Excerpted data Start Marker
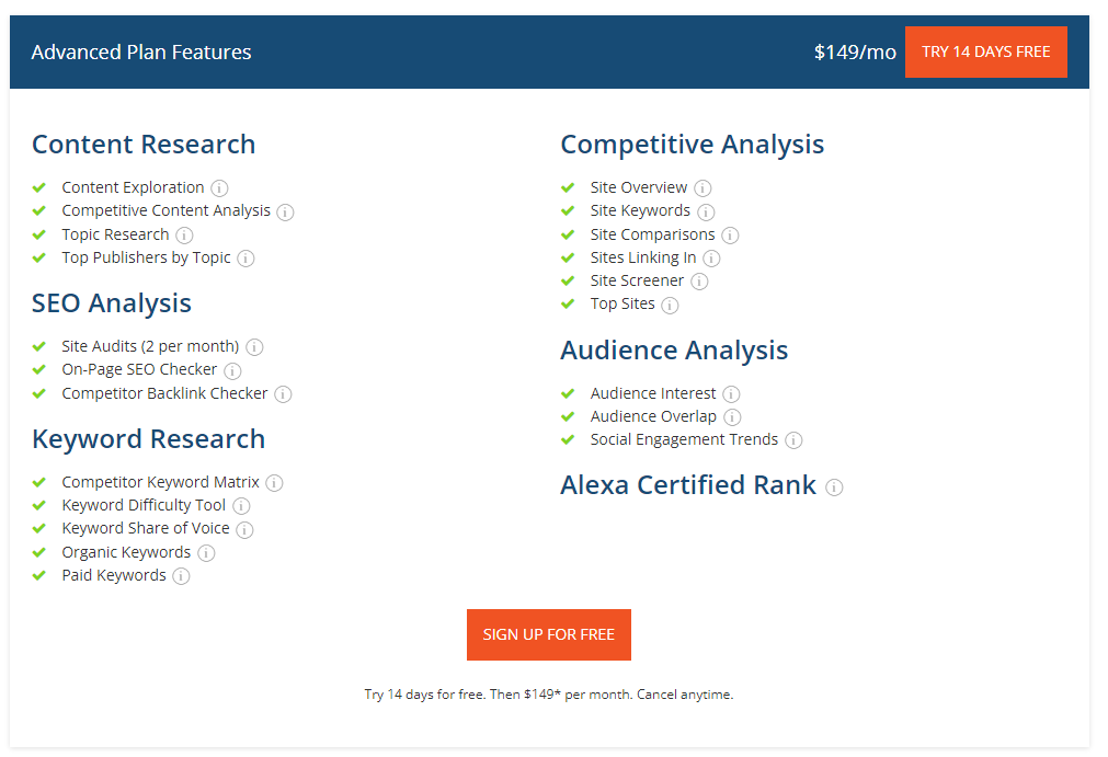 - Feature Specialization: The categorized features cater to users focused on content, SEO, keywords, competitive, and audience analysis.
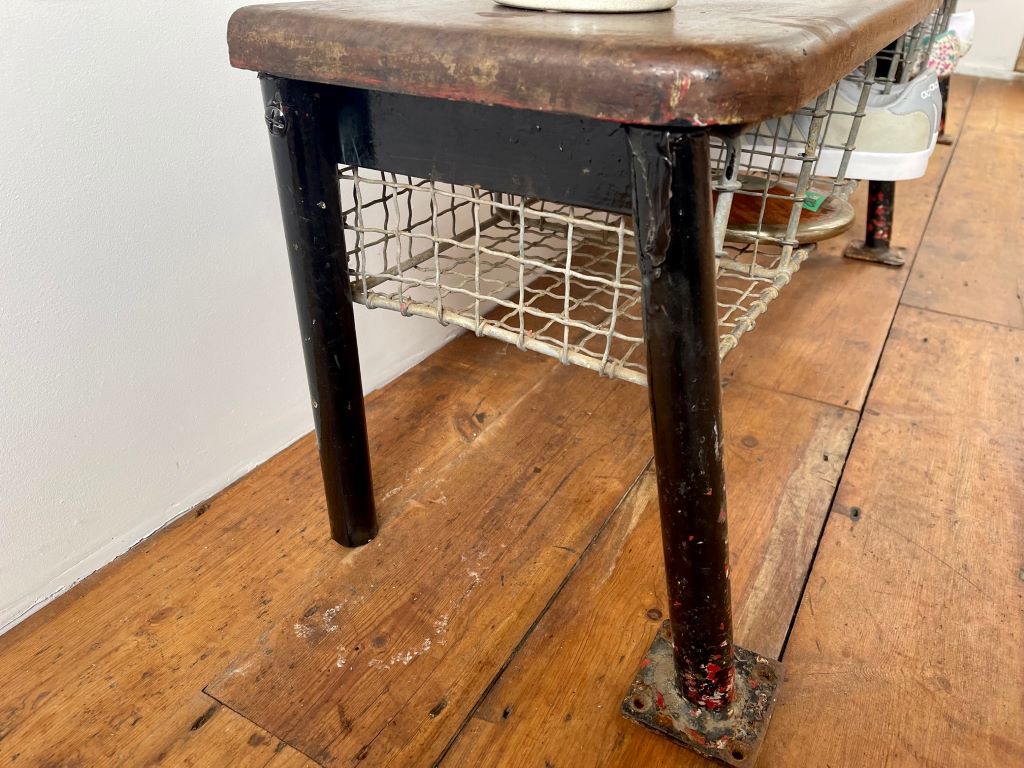 This old school gym/ changing bench dates to the early 1960’s and came to us straight from a school near Cambridge. It is in completely original condition; fully stable with no wobbles and perfectly aged wear on the baskets, legs and solid hardwood top. Constructed from heavy gauge steel tube with original paint and patina. It has a really good solid weight and looks fantastic We just gave it a good clean, and lightly oiled the seat for replenishment and a refresh.
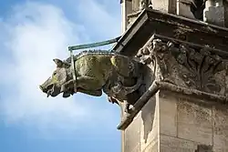 An exterior cornice of one of the chapels of the cathedral is a gargoyle, which shows a squatting pig. At its teats suckles a male figurine, which depicts a Jew. It dates from around 1280.[12]
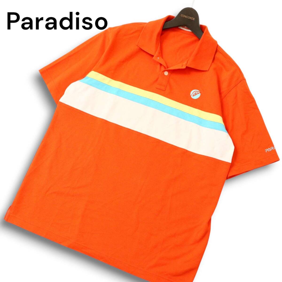 - Paradiso パラディーゾ ゴルフ 春夏 ロゴ刺繍★ 半袖 ボーダー 鹿の子 ポロシャツ Sz.LL メンズ 大きいサイズ オレンジ
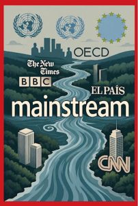La palabra mainstream significa literalmente “corriente principal”. En política y comunicación, describe a la red de medios de comunicación dominantes, organismos internacionales, centros de pensamiento y élites económicas que imponen una narrativa única y moldean la opinión pública. No lo hacen necesariamente a través de mentiras directas, sino seleccionando qué se dice, cómo se dice y quién tiene derecho a ser escuchado. Es una forma de poder blando: silenciosa, sofisticada y extremadamente efectiva.
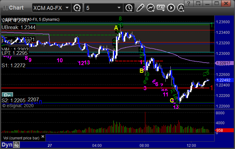 Triggered long at A, hit first target at B, still holding second half with a stop under C at 1.2300:
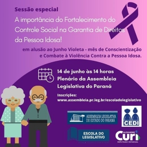O Presidente da Assembleia Legislativa do Estado do Paraná, Deputado ADEMAR LUIZ TRAIANO, tem a honra de convidar para a Sessão Solene “A Importância do Fortalecimento do Controle Social na Garantia de Direitos da Pessoa Idosa” por proposição do Deputado ALEXANDRE CURI – 1° Secretário, e da ESCOLA DO LEGISLATIVO, em parceria com o Conselho Estadual dos Direitos do Idoso do Paraná, com início às 14 horas do dia 14 de junho de 2023, no Plenário desta Casa de Leis. Clique aqui e acesse o convite.
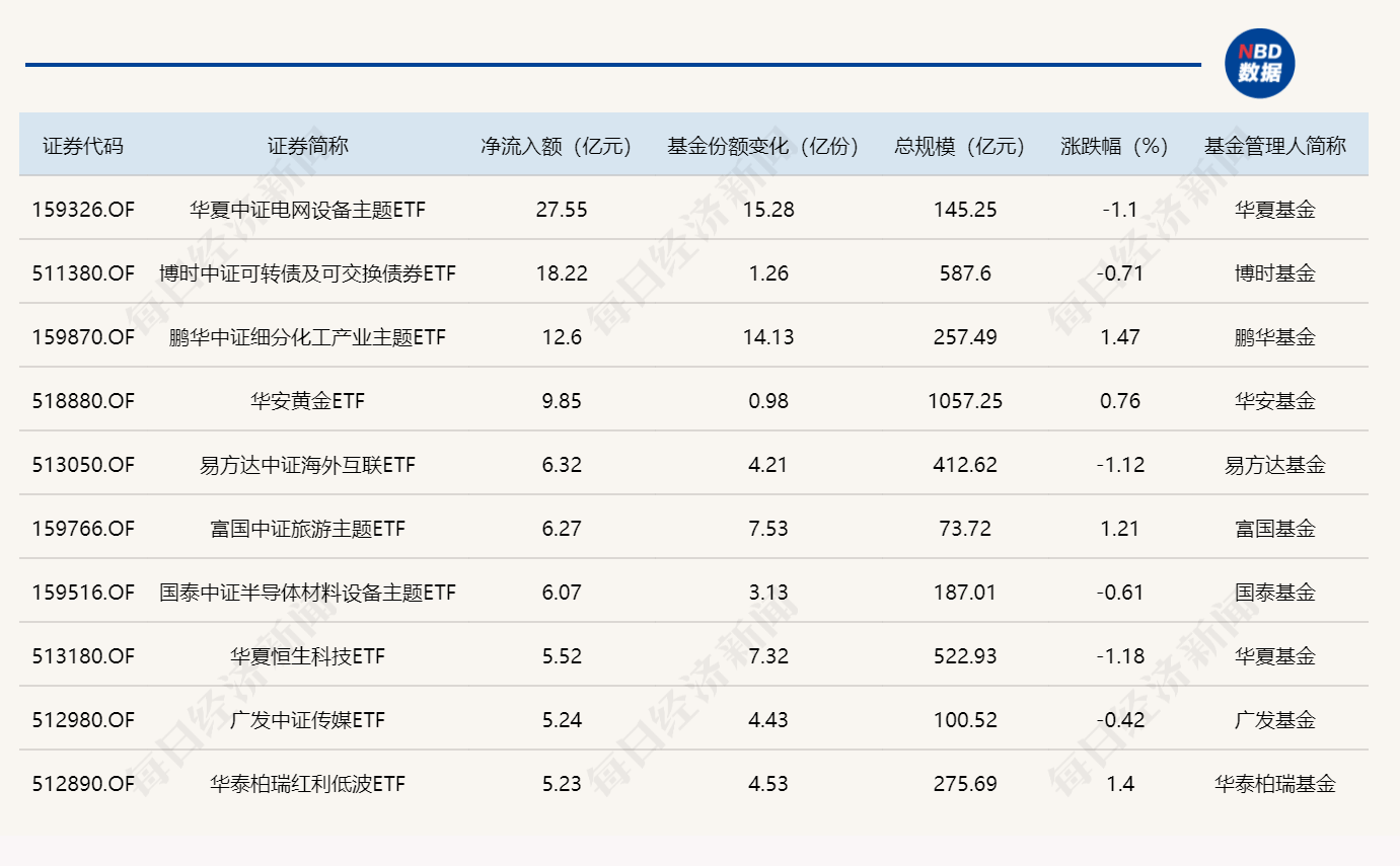 Wind数据显示,在1月20日的非货币ETF市场中,华夏中证电网设备主题ETF基金份额增加15.28亿份,净流入额27.55亿元;博时中证可转债及可交换债券ETF基金份额增加1.26亿份,净流入额18.22亿元;鹏华中证细分化工产业主题ETF基金份额增加14.13亿份,净流入额12.60亿元。
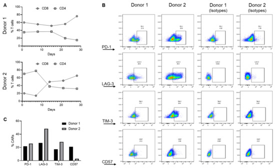 Donor lineage skewing and the expression of exhaustion markers. (A) Changes in CD8 and CD4 cells during ex vivo expansion of EGFRvIII CAR T cells. (B,C) Expression of T cell exhaustion (PD-1, TIM3, and LAG3) and senescence (CD57) markers on CAR T cells. These data summarize the analysis generated from two different donors (Donor 1 and Donor 2) and are representative of a triplicate analysis.
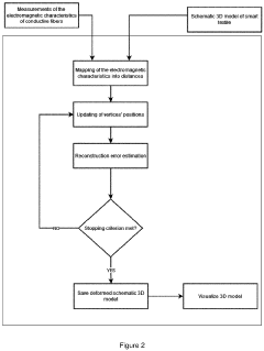 - An apparatus and process that utilize measurements of electromagnetic characteristics from conductive fibers in smart elastic textiles to perform real-time 3D reconstruction, aligning measurement points with a schematic 3D model, transforming electromagnetic data into distances, and iteratively calculating vertex positions to minimize reconstruction error, allowing for continuous visualization of deformation.
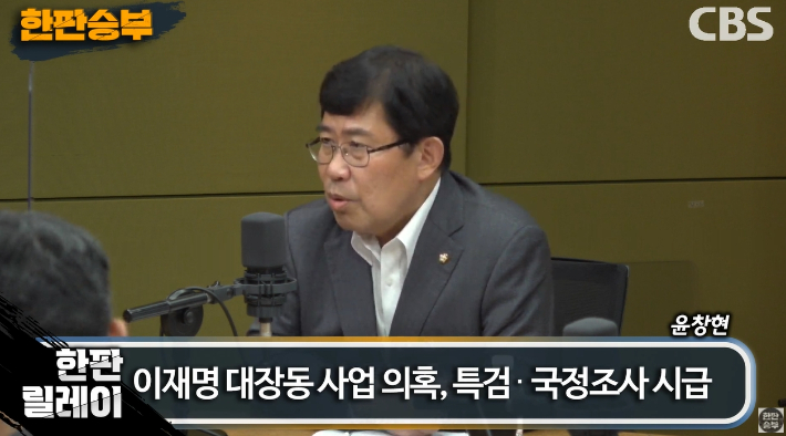 ◇ 박재홍> 이재명 경기지사와 관련한 성남 대장동 개발사업 특혜 의혹 추석 연휴 기간 내내 뉴스가 끊이지 않았습니다. 그래서 오늘 한판승부 2부에서는 이 주제로 릴레이 토론을 준비했습니다. 관련해서 특검을 주장하고 있는 국민의힘 입장을 먼저 듣고요. 이에 대한 민주당 이재명 캠프 입장을 이어서 듣겠습니다. 먼저 국민의힘 대장동 진상조사 TF의 윤창현 의원을 모셨습니다. 어서 오십시오.
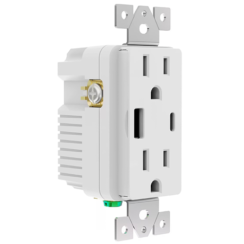 Amuse Tech Solutions’s Z-Wave charging in wall AC receptacle with USB-A & USB-C ports is a smart dual USB wall socket with Type-C fast charging. It features two standard AC outlets, a USB-A port, and a USB-C port, providing a convenient solution for charging multiple devices. This receptacle replaces any standard 15-amp wall outlet and includes a tamper-resistant safety mechanism for enhanced protection
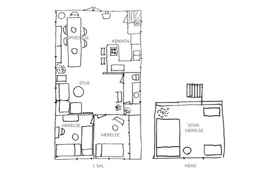 Mit første projekt var at få indretningen til at gå op. Lejligheden havde bare to værelser fordelt på i alt 70 m2 og bestod reelt set af ét stort rum – køkken, spise- og dagligstue – samt et soveværelse. Med tre halv- og helstore voksne i husstanden var der brug for et og helst også to værelser mere, hvis vi skulle have mulighed for lidt privatliv hver især.
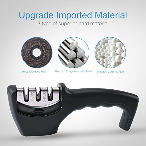 Upgrade Sharpening Material - Benefit from our technical breakthrough, 3 kind of sharpening material get higher hardness and durability to repair our knife.
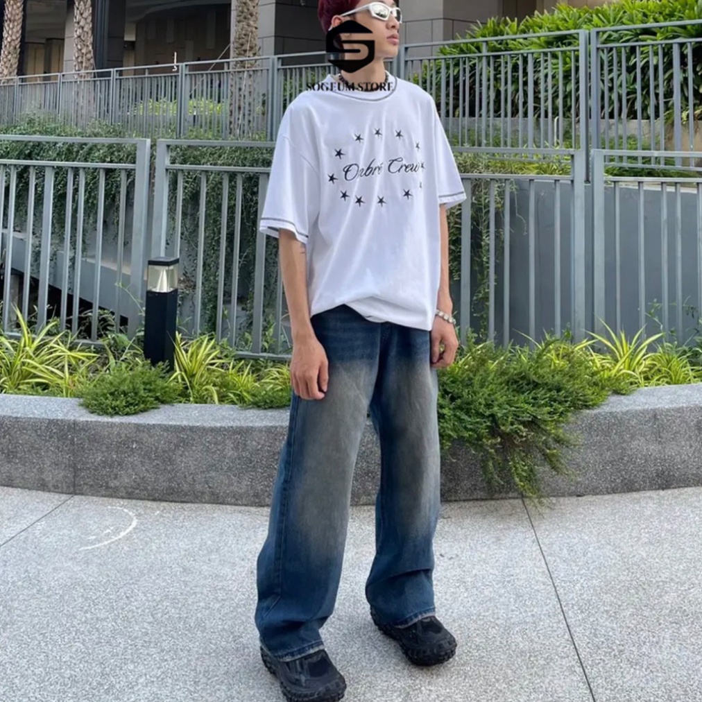 Quần jeans Nam ống rộng suông wash màu cá tính Vintage Faded Indigo Cao cấp
Excerpted data End Marker
→ Exercise directions
Pictures aside, return exactly the lines from the data above, starting at the line that has "La palabra mainstream" and ending at the line that has "Triggered long at", both included.

→ Result for this task
La palabra mainstream significa literalmente “corriente principal”. En política y comunicación, describe a la red de medios de comunicación dominantes, organismos internacionales, centros de pensamiento y élites económicas que imponen una narrativa única y moldean la opinión pública. No lo hacen necesariamente a través de mentiras directas, sino seleccionando qué se dice, cómo se dice y quién tiene derecho a ser escuchado. Es una forma de poder blando: silenciosa, sofisticada y extremadamente efectiva.
 Triggered long at A, hit first target at B, still holding second half with a stop under C at 1.2300:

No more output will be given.